« 帰還報告 | Main | 阪神・淡路大震災10年に寄せて。 »

Friday, January 07, 2005

ディエゴ・デル・ガストール

今回は久しぶりにフラメンコの話題です。
因みに、この記事中に登場する商品リンクは全て、フラメンコ音楽専門ショップ「アクースティカ」(Acustica)様の在庫ページを参照させて頂いております。

ディエゴ・デル・ガストール(Diego de El Gastor,1908-1973)は、当ウェブログのプロフィール欄で、殊に愛着のあるアーティストとして名を挙げていますが、この欄から生まれた記事って未だに少ないですよね。以前にも度々言い訳した事がありますが、思いの丈が強すぎると、なかなか書き始める取っ掛かりが掴めないものです。プロフィール欄では、フェインベルグ、シャフラン、そしてエルモア・ジェイムスがそれに該当します。
一方で、好きは好きだけど、充分な音源が揃い切らないまま好きになってしまった演奏家もあるのです。
マリヤ・ユーディナはその典型とも言うべき人でしょう。廃盤状態の音源を様々な方法で入手して聴く都度、「ああ、素晴らしい」と、深い感銘を受けるものの、未だ此所一番と言った音源を逸しているのです。この人については「時期待ち」と言ったところでしょうか。
以前の記事で「再発祈願」めいた事を書きましたが、嬉しい事にロシアのレーベルVISTA VERAから、数点のリリースが予定されているようです。従って、ユーディナについてはこれらのタイトルが入手出来た時を、記事の「書き時」と見込んでいるところです。

そして、今回記事のディエゴ・デル・ガストールもまた、わたくしにとってそうしたアーティストでした。

フラメンコと言う斯界を通じて、「録音嫌い」を貫いたアーティスト(スペイン語ではアルティスタ)は少なくありません。レコード録音の時代まで活躍を続けながらも、頑なに拒み続けた人は、名の知れている所を思い浮かぶままに挙げても、十指に余ります。特にSP録音の時代は、録音機材のある都市部にアーティストが出向かなければならなかったので、尚更その傾向が強かったようです。

フラメンコ・ギター(トーケ・フラメンコ)に於いて、高い名声を持ちながらも「録音嫌い」を貫いた人と言えば、大きく2人の名が挙げられます。

一人はマノロ・デ・ウエルバ(Manolo El de Huelva,1892-1976)。
ラモン・モントージャ(モントーヤ)に続く世代の、時代を画する名手でありながら、「芸を盗まれるのが嫌で」録音を拒み続けました。ギターを弾く人間は爪を見ればすぐ判るとの事で、それと悟れば絶対に演奏を披露しない、と言う程の徹底ぶりだったとか。
そんな彼ですが、幾つかの伴奏録音が正規音源として残されています。また、愛好家による「隠し録り」をも合わせると、意外と多くの録音でその演奏に触れる事が可能です。その中には、全く遺されていないと思われていたソロ演奏も4曲含まれています。

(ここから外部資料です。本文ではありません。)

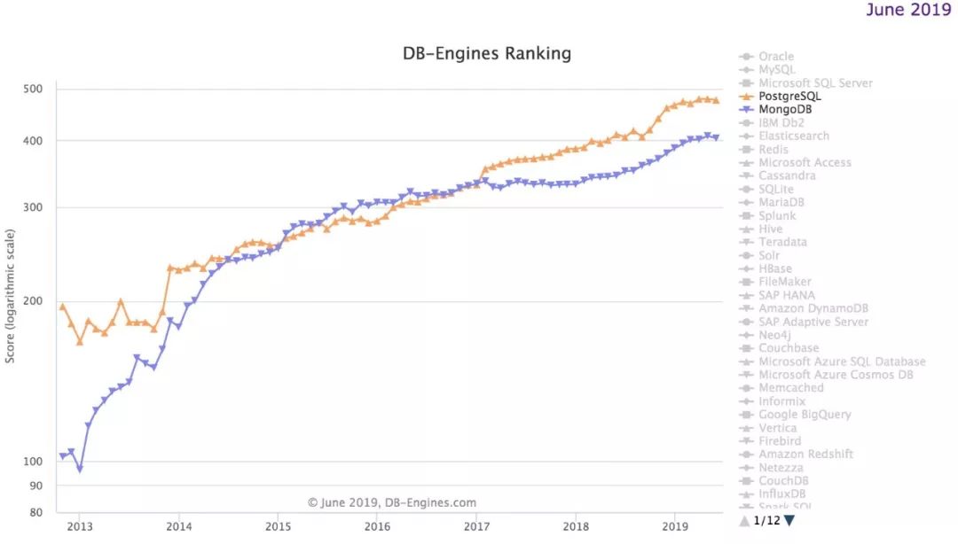 唯有 PostgreSQL 和 MongoDB 才具备这样的潜质,这两者同比都获得超过 60分的涨幅,PostgreSQL 的积分较去年上涨了 16%。如果 PostgreSQL 能够获得持续的发展,则有望在 5 年左右冲入第一梯队。

そしてディエゴ・デル・ガストール、本名ディエゴ・フローレス・アマーヤこそ、わたくしにとってはまさに「幻のトカオール」であり続けました。
ある時期までは、把握している音源数が前述のマノロ・デ・ウエルバよりも少なかったのですから、その程度が知れようと言うものです。
遡ればパコ・ルセーナ(Paco Lucena/Nino de Lucena,1859-1898)に連なる古い流儀の継承者で、殆ど終生に渡って故郷のモロンでキャリアを重ねた彼は、長い間スターダムとは程遠い位置に在りました。実際にどの位「録音嫌い」だったのかは判りませんが、積極的で無かったと云う事だけは間違いないでしょう。SP期の録音が見当たらないのは、先述したように「出向」を行わなかった所為かも知れません。

そんな彼の演奏を窺い知る事の出来るCDは、Ariola/EURODISC/BMGの4枚組CD「カンテ・フラメンコの半世紀」(Medio siglo de cante flamenco)収録の、ホセレーロ・デ・モロン(Joselero de Moron,1910-1985)を伴奏した2曲が僅かに正規録音、その他には隠し録りの伴奏音源が数点存在するだけでした。
その他に遺された正規音源は、マノリート・エル・デ・マリア(Manolito el de Maria,1904-1965)を伴奏した数点の録音と、RTVE(スペイン国立放送)のVTR音源の存在を把握していたに過ぎません。
前者はこよなく良いセッションと聞きますが、未CD化の為聴く便宜を得ないままです。
そして後者は、昨年に本家のRTVEレーベルから一部がCD化されました。"Nuestro Flamenco"(ヌエストロ・フラメンコ)と題されたCDの内、Vol.2にペラーテ・デ・ウトレーラ(Perrate de Utrera,1915-1992)を伴奏したものが4トラックと、ディエゴ自身によるソロ録音が4トラック収録されています。ここに至って漸くわたくしは、ディエゴ・デル・ガストールと云うトカオール(フラメンコ・ギター奏者)の「真の姿」に接し得たように感じました。

そして昨年末には、更に「願ったり叶ったり」とも言うべきCDが発売されました。
モロン市役所制作の限定頒布LP盤"EVOCACIONES"の限定CD化、"DIEGO DEL GASTOR/EL ECO DE UNOS TOQUES"、なんと収録された10トラック全てが、ディエゴのソロ演奏です!
このCDを手に入れるに至って、漸くこの偉大なトカオールに関する記事の「書き時」を得たと判断した次第。以下、演奏について書いてゆきたいと思います。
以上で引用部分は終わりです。